KABUL – Even by Afghanistan’s standards of often-shifting alliances, a recent meeting between ethnic Hazara elders and local commanders of the Taliban insurgents who have persecuted them for years was extraordinary.
The Hazaras — a largely Shiite minority killed in their thousands during the Taliban’s hard-line Sunni Islamist rule of the 1990s — came to their old enemies seeking protection against what they deem an even greater threat: masked men operating in the area calling themselves “Daesh,” a term for the Islamic State group in the region.
In a sign of changing times, the Taliban commanders agreed to help, said Abdul Khaliq Yaqubi, one of the elders at the meeting held in the eastern province of Ghazni.
The unusual pact is a window into deepening anxiety in Afghanistan over reports of Islamic State radicals gaining a foothold in a country already weary of more than a decade of war with the Taliban.
Back-to-back kidnappings within a month of two groups of Hazara travelers — by men widely rumored, though far from proven, to claim fealty to the Islamic State group — have many spooked.
The current threat the Islamic State group poses in Afghanistan, observers say, is less about real military might than the opportunity for disparate insurgent groups, including defectors from an increasingly fractured Taliban, to band together under this global “brand” that controls swaths of Iraq and Syria.
The fear is especially keen among religious minorities like the Hazaras, who worry the influence of the fiercely anti-Shiite Islamic State could introduce a new dimension of sectarian strife to the war.
“Whether Daesh exists or not, the psychological impact of it is very dangerous in Ghazni, which is home to all ethnicities,” Ghazni Deputy Gov. Mohammad Ali Ahmadi said.
“This could easily stir up tensions.”
Unlike in Iraq or Syria, Islamic State militants control no Afghan territory and operational links between local fighters and the group’s leadership are murky.
But reports of self-proclaimed Islamic State fighters have been growing since last summer.

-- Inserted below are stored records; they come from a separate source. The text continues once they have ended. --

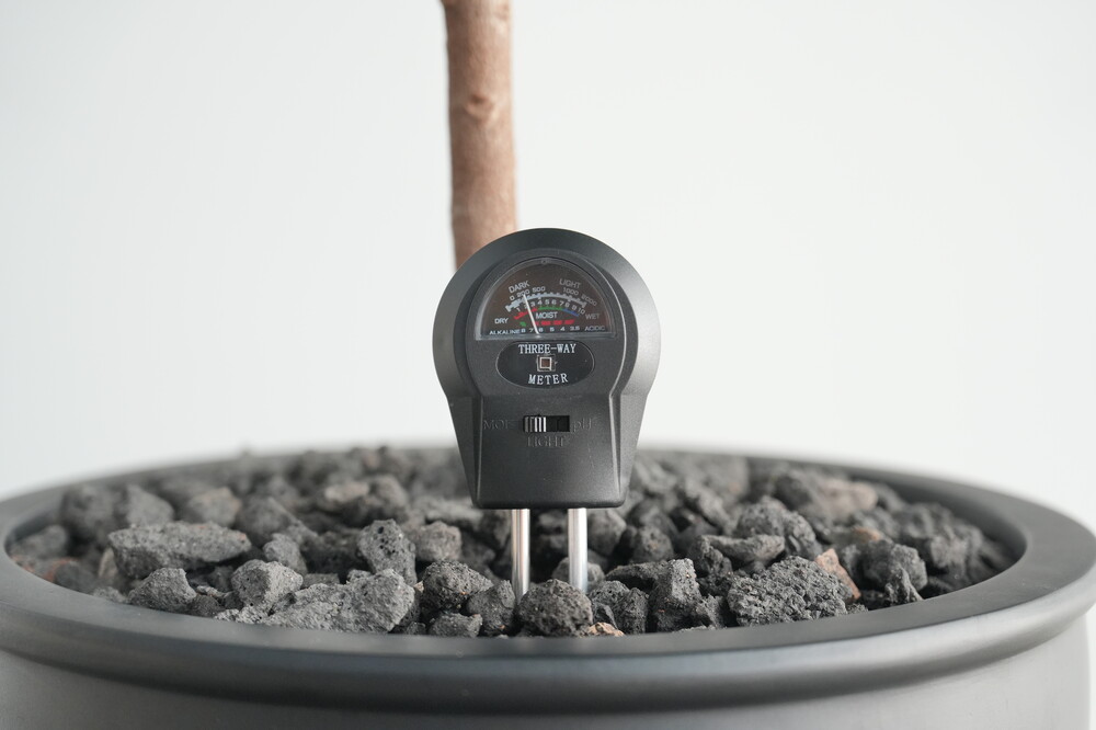 무동력 측정기를 이용하여 현재 화분 속 상태(수분, 산성도/일조량)를 체크해 볼 수 있습니다.
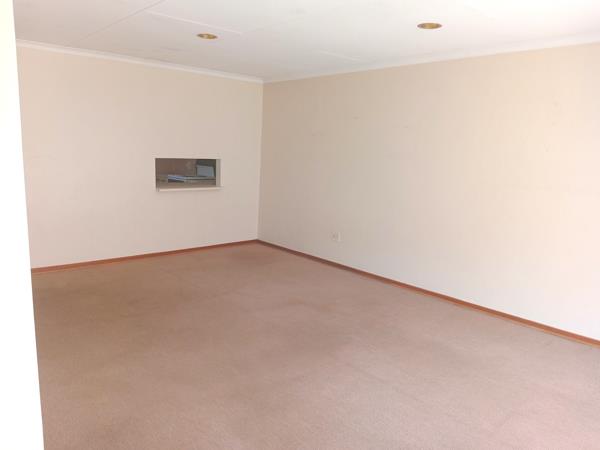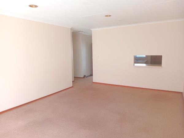 The open-plan lounge and dining room are carpeted, creating a warm and inviting living space. The kitchen includes a four-plate stove and a practical combo scullery with a double basin.
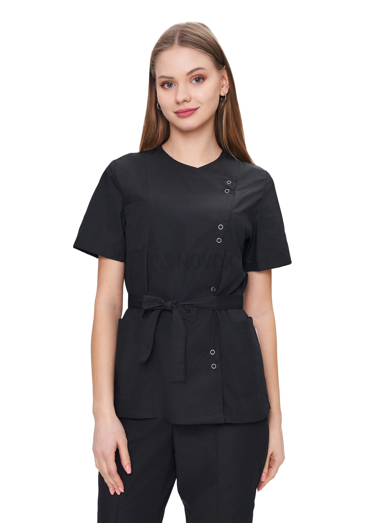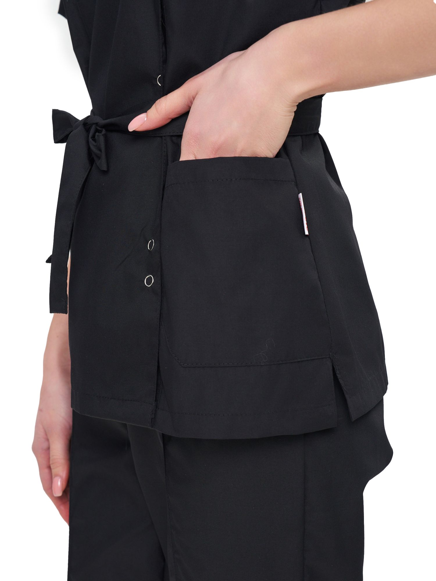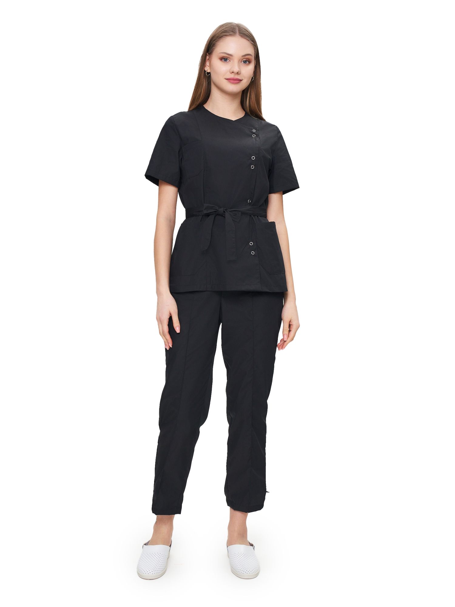 Современный, стильный, легкий и удобный женский костюм со свободной посадкой, рекомендован для сферы косметологии и работников медицинских учреждений из высококачественной смесовой ткани прекрасно переносят многократные стирки и выглядят презентабельно даже при длительных сроках эксплуатации. Широкий размерный ряд продукции позволит без труда подобрать костюм правильно по фигуре, в соответствии со спецификой профессии и с учетом индивидуальных требований сотрудника. Костюм женский «Юмелия» для косметологов и медработников прост в уходе, не мнется и быстро сохнет, а материал долгое время сохранит свой первоначальный яркий цвет. Костюм состоит из блузы и брюк приятного черного цвета. Сегодня современная мода вмешивается не только в подиумные и уличные образы. Она диктует свои правила разным сферам жизни, в том числе в сфере косметологии и медицине. Костюм состоит из прочной смесовой ткани ТИСИ, отталкивающей различного рода загрязнения. Материал устойчив к пятнам и истиранию, тем самым косметологи и медработники всегда будут выглядеть опрятно и привлекательно.
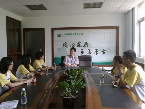 初到同德药业有限公司,09制药团支部全体成员在公司人事部白主管的带领下参观了药厂,并对药厂的整体环境和所设部门有了一个初步认识。接着,药厂销售部的王经理对该公司拥有的“好得快”、“人字”、“零距离”、“劲通”、“伊人净”等多个知名品牌给同学们一一作了详细的讲解,同学们也从中了解到了有关生产这些品牌药的原材料、成分药效及药用功能等知识。此外,同学们也了解到了我国药物生产与药物需求等方面的知识。王经理的详细介绍使同学们对本专业的药学知识真正从书本上的认识转变到生活中鲜明生动的认识,这也在一定程度上增加了同学们对制药行业的认识和增强了对专业的信心。
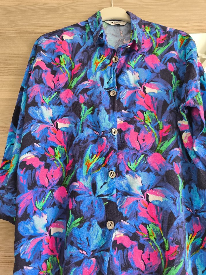 Çiçek desenli, yakalı ve düğmeli uzun kadın gömleği. Rahat kesim, kısa kollu, yumuşak tekstil kumaştan, bohem tarzı için uygun.
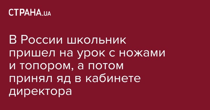 По словам источника агентства, восьмиклассник выложил топор, ножи и канистру бензина на парту. После этогот учителя отвели его в кабинет директора. Там школьник в присутствии взрослых что-то съел, предположительно, крысиный яд. Восьмиклассника госпитализировали.
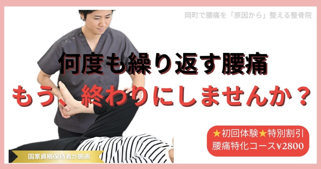 何度も繰り返す腰痛に悩んでいませんか?豊中市岡町で腰痛を原因から整える整骨院です
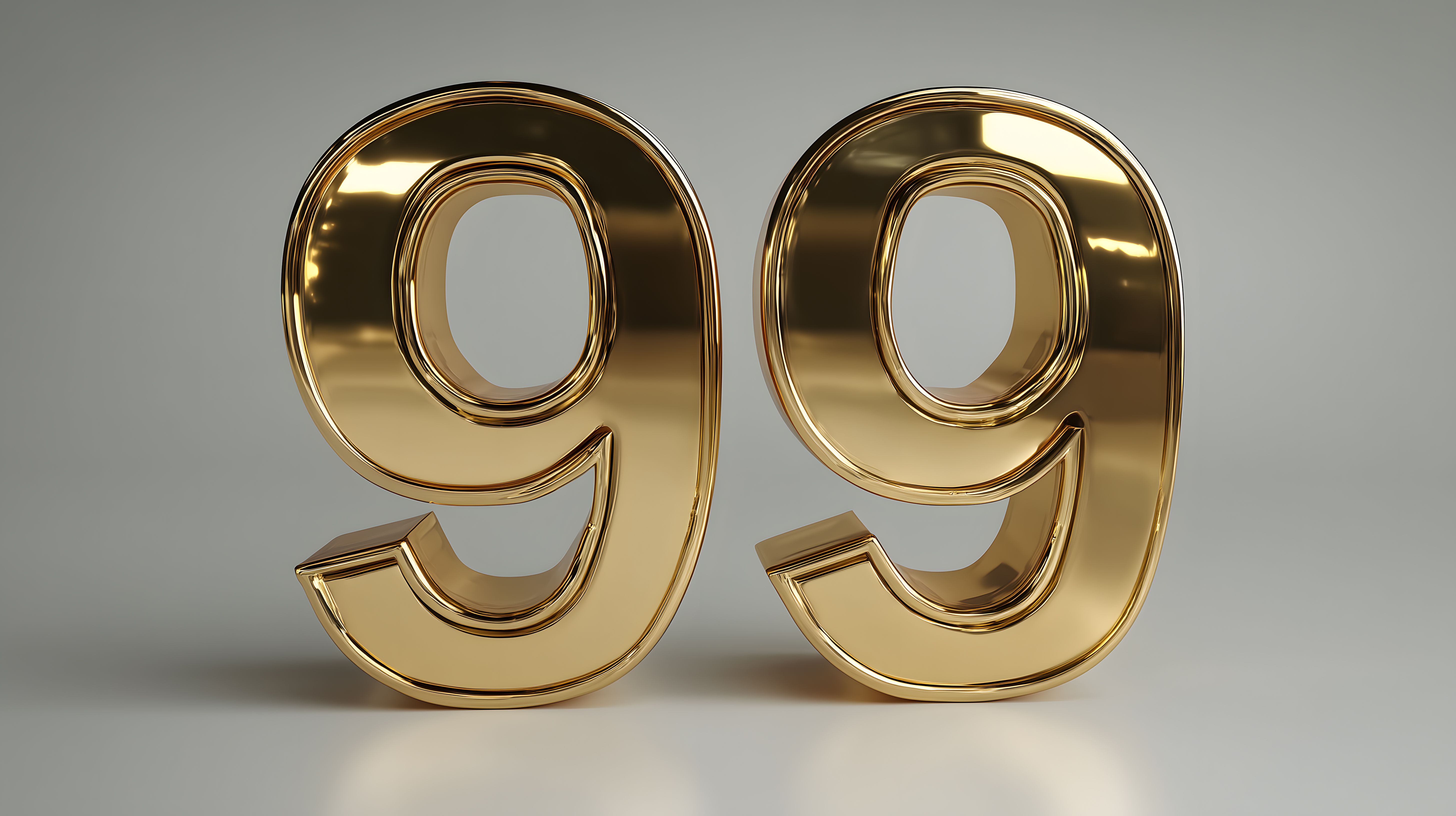 Dieses Stockfoto zeigt die glänzenden Goldzahlen '99' vor einem neutralen grauen Hintergrund. Die Zahlen haben einen eleganten, luxuriösen Metalleffekt, der sie hervorhebt und den Betrachter in den Mittelpunkt stellt. Die symmetrische Anordnung der Zahlen verleiht dem Bild eine klare, moderne Ästhetik. Dieses Foto eignet sich ideal als Hintergrundbild oder grafisches Element für Werbung, Präsentationen, Websites oder Social Media-Beiträge, die eine hochwertige, ansprechende Optik benötigen. Es ist in hoher Auflösung und kostenfrei unter der Creative Commons-Lizenz verfügbar.

In Kandahar, the Taliban’s birthplace, armed clashes between alleged Islamic State fighters and local Taliban have been reported.
U.N. Secretary-General Ban Ki-moon’s latest report on Afghanistan said a handful of Taliban commanders had declared allegiance to the Islamic State group and are increasingly seeking funding or cooperation from the group.
But, it added, there is “no indication of widespread or systematic support” for Afghan fighters from Islamic State leaders in the Middle East.
Some say the Islamic State group’s intolerant stance toward Shiites, which the Sunni group does not regard as true Muslims, leaves them with less traction in Afghanistan, where large-scale sectarian violence has been relatively rare since the Taliban lost power.
The Afghan government said the group does pose a problem.
“The simple thing is that Daesh is here, and they do exist,” said Ajmal Abidy, Afghan President Ashraf Ghani’s spokesman.
The International Crisis Group (ICG) in Kabul cited reliable reports that small groups of self-described Islamic State fighters are operating in six provinces, plus unconfirmed rumors of dozens of members operating in several others.
For now, whatever support the Islamic State has appears to reflect divisions within the larger, stronger Taliban insurgency, said Graeme Smith, an ICG analyst.
But, he added, “It’s a moving target. . . . Just because it’s not militarily significant today doesn’t mean that can’t change.”
On March 15, gunmen stopped two cars in Ghazni’s Jaghori district, a predominantly Hazara area, and kidnapped eight passengers.
All but one were quickly released, but the incident came just weeks after masked gunmen singled out around 30 Hazaras from two buses in Zabul province and took them hostage.
Despite an ongoing rescue operation by Afghan security forces, none of the hostages have been freed.
Last week, hundreds of Hazara protesters gathered in Ghazni’s capital city to demand the hostages’ release.
Although no one has claimed responsibility for either attack, many of the protesters — short on answers and scared — blamed the Islamic State.
“Daesh is a very dangerous phenomenon,” said protester Ahmad Ali.
The general anxiety led to the Ghazni Hazara elders — from three villages in Jaghori district — to arrange their unusual meeting with the local Taliban commanders.
“The Taliban did not kidnap our Hazara brothers in the past, and we know they also fight this new group, Daesh,” said Hasan Reza Yousufi, a member of Ghazni’s provincial council.
Yaqubi, one of the elders who attended the meeting, said the group approached the militants seeking protection.
“The Taliban agreed to help,” he said.
At a crowded bus station on Kabul’s outskirts, people lined up to buy tickets to make trips along the dangerous roads outside the city that have long seen Taliban attacks — and now, many fear, targeted kidnappings.
“Since the kidnapping of the passengers, we have less Hazara travelers,” said bus driver Mohammad Jan.
“The ones who do travel seem very scared.”